Было бы грубой ошибкой приравнивать молодого Лютера к воинствующим фидеистам XVII–XVIII веков, которые противополагали веру разуму, воле и самостоятельному нравственному суждению людей. Исстрадавшийся августинский монах отстаивал совсем иное противопоставление: в личной вере он видел антитезу традиционного доверия к авторитету. Нельзя добиться спасения, если жить по назначенному, исполняя заранее предписанные «добрые дела». Непременное условие спасения — это внутренняя свобода христианина, его сознательное и неподневольное стремление к добру.
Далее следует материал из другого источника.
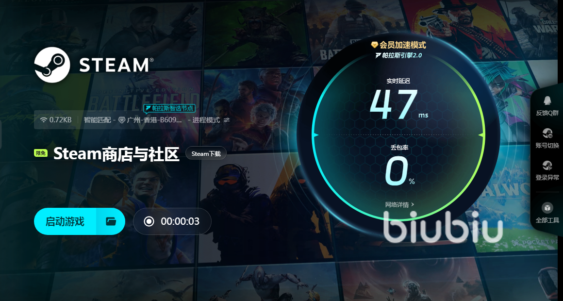 之所以推薦使用biubiu來(lái)解決這些問(wèn)題,是因?yàn)樗哂卸囗?xiàng)自身核心技術(shù),首先是擁有專線連接技術(shù),這樣可以幫助保持連接過(guò)程穩(wěn)定。從用戶到運(yùn)營(yíng)服之間數(shù)據(jù)交換很通暢,這樣就可以避免卡頓等情況出現(xiàn)。再加上自身使用的是先進(jìn)加速引擎,還配有節(jié)點(diǎn)切換等技術(shù),這些技術(shù)綜合起來(lái)應(yīng)用,就可以使用戶網(wǎng)絡(luò)始終保持穩(wěn)定,不會(huì)受到波動(dòng)影響,對(duì)于服務(wù)器連接也更加流暢,玩起游戲來(lái)就會(huì)輕松很多。針對(duì)丟包率高的問(wèn)題,還有著弱網(wǎng)對(duì)抗功能,通過(guò)一系列技術(shù)來(lái)降低丟包率。這將反映在玩家玩游戲的時(shí)候,就能夠始終保持流暢。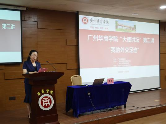 为培养具有全球视野与国际竞争力的新时代青年,构建开放包容的国际化育人环境,深化青年学子对人类命运共同体理念的认识,广州多多28“大使讲坛”第二讲分别于4月8日、22日在肇庆校区、广州校区举办。广东省人民政府外事办公室原主任傅朗为本次讲坛的主讲嘉宾,他以“我的外交足迹”为主题分享了多年的外交经历和智慧。本次讲坛由国际学院、科研处和肇庆校区党政办联合承办,习近平外交思想研学社和肇庆校区学工办协办。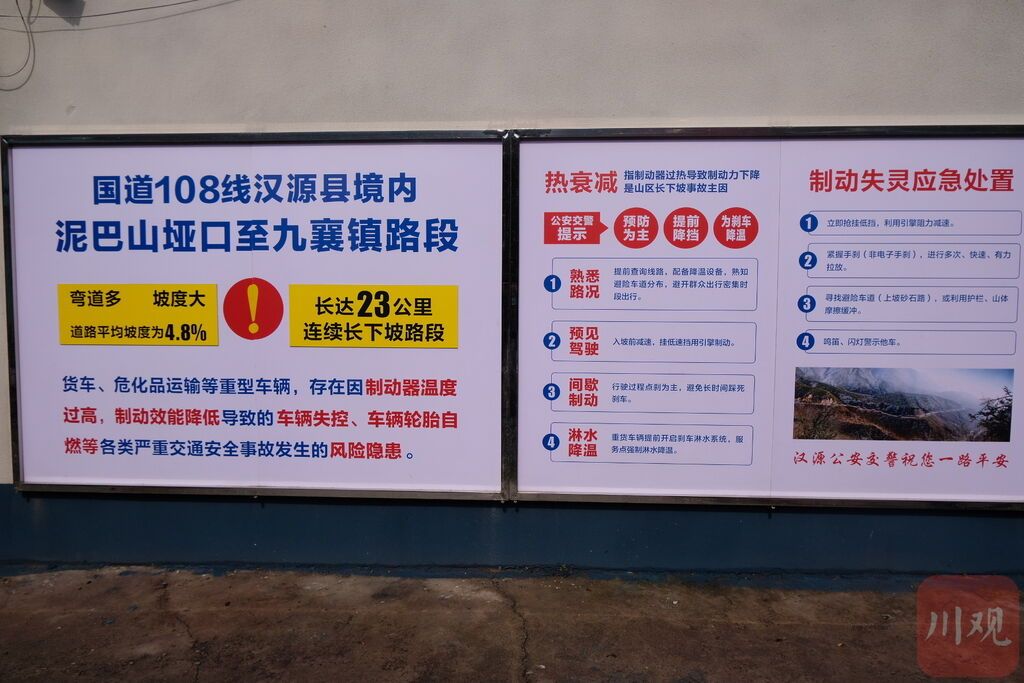 “这样的唠叨,从2018年就开始了。”汉源县公安局交通管理大队九襄中队中队长赵泽宇介绍,值守的国道108线泥巴山段,海拔3300余米,23公里连续长下坡、弯多坡陡,曾是事故多发的“魔鬼路段”,对货车刹车系统是“终极考验”。而从清溪降温点到九襄镇也要18公里,过去发生过较为严重的交通事故,也被当地人称为“烂门槛”。2018年7月,当地政府在泥巴山段设置了清溪、双溪两处强制降温点,团队开始在此驻扎,不断完善工作机制,其中就包括了交警提醒,此后事故发生率逐年减少30%。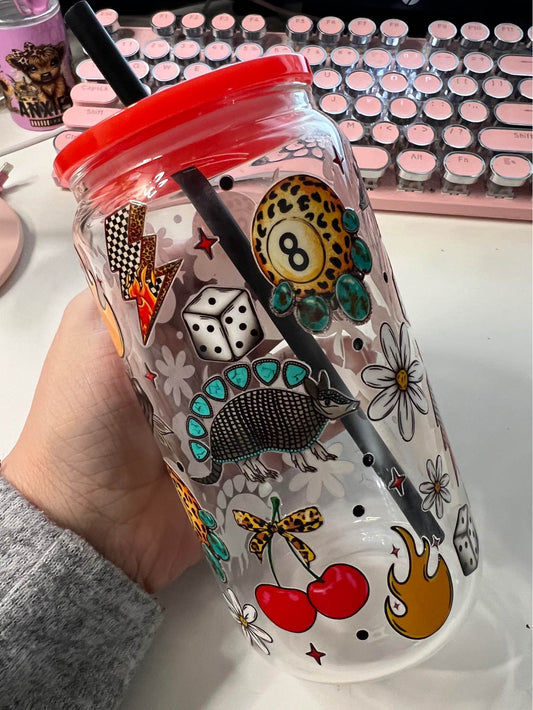 Leopard Red Cherry Eight Ball UV DTF Cup Wrap - Exclusive WEEFERS WRAP

Из-за греховности человека оно может быть крайне слабым, «непродуктивным», и все-таки никто не вправе предполагать, будто он неблагодатен от природы. Ведь иначе он никогда не испытывал бы угрызений совести и недовольства собой.
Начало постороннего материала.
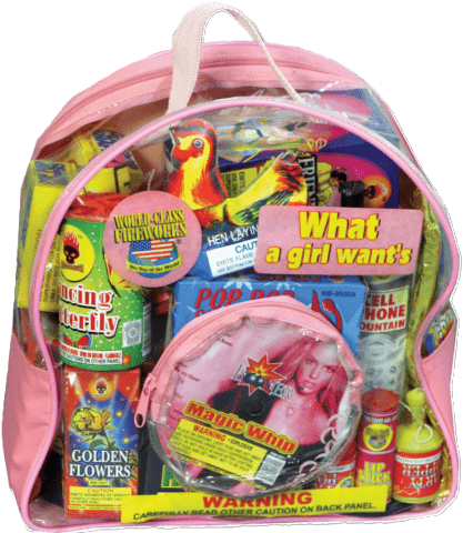 Appropriately priced and packed with hours of fun. And, on top of it all, when the fireworks are gone there is still a pink backpack left to fill with all her little goodies. This bag comes with all her favorites, a lipstick fountain, a cell phone fountain, chickens, pop pop snappers, confetti throwers and more. She’s gonna love it, no doubt.
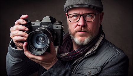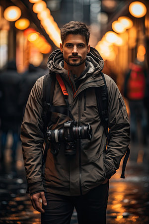 A handsome photographer with a confident gaze holds his camera, ready to create stunning visuals for your project. Perfect for lifestyle, travel, and creative campaigns seeking authenticity.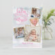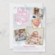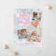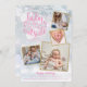 Una elegante tarjeta de anuncio de nacimiento festivo con 4 fotos para personalizar con tus fotos especiales enmarcadas en oro, mensaje navideño, nombres y estadísticas de nacimiento. La parte posterior presenta copos de nieve que caen. Puedes personalizar el color de fondo para que coincida con tu tema navideño. Diseñado por Thisisnotme©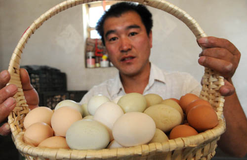 6月24日,在河北省尚义县红土梁镇,王剑峰展示五彩鸡蛋。河北省尚义县红土梁镇村民王剑峰,从2006年开始从全国多个地方引进白壳鸡、褐壳鸡、粉壳鸡、绿壳鸡及土鸡品种,生产出白色、红色、粉红、绿色、浅绿五种颜色的鸡蛋组合在一起销售。目前,王剑峰共养殖五彩蛋鸡2000只,年产量约3万公斤,年收入可达20万元以上。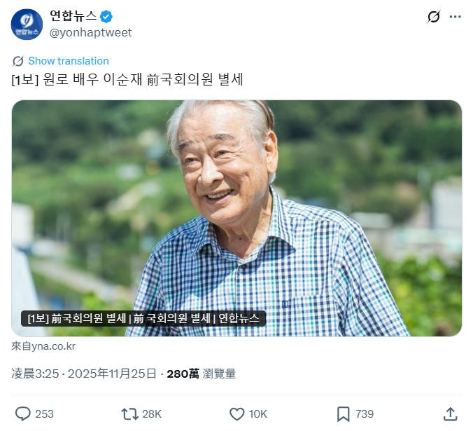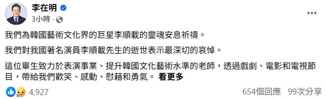「國民爺爺」李順載於2025年11月25日凌晨去世,按韓國傳統虛歲計算方式(出生即1歲)享年91歲,實際周歲為90歲(1935年10月10日出生)。當天韓國總統李在明還發文悼念,稱「他留下的作品和精神遺產将作為韓國寶貴的文化遺產代代相傅」。

Вера осознается молодым Лютером как внутренняя готовность к нравственным поступкам, коренящаяся в совести каждого — пусть даже самого грешного, самого ничтожного — человека, и как надежда на то, что бог своею силой восполнит недостаток его силы, воли и проницательности.
Отождествление веры с личным нравственным устремлением христианина составляло суть «революции, начавшейся в мозгу монаха». В этой исходной ячейке, «клеточке» реформационной идеологии уже заключался и лютеровский протест против идеи папской непогрешимости, и критика индульгенций, и гордые слова «на том стою и не могу иначе», которые прозвучат в 1521 году на рейхстаге в Вормсе.
Слова апостола Павла о спасительной вере расшифровали и личную проблему Мартина. В «башенном откровении» он наконец-то пришел к столь важной для себя мысли: честность и совестливость суть величайший небесный дар; человек причастен к богу через ту самую судящую способность совести, которая уличает его собственное несовершенство. Тот, кто лишен самодовольства, правдив и требователен к себе, тот уже не безнадежен и не имеет оснований числить себя среди проклятых от века.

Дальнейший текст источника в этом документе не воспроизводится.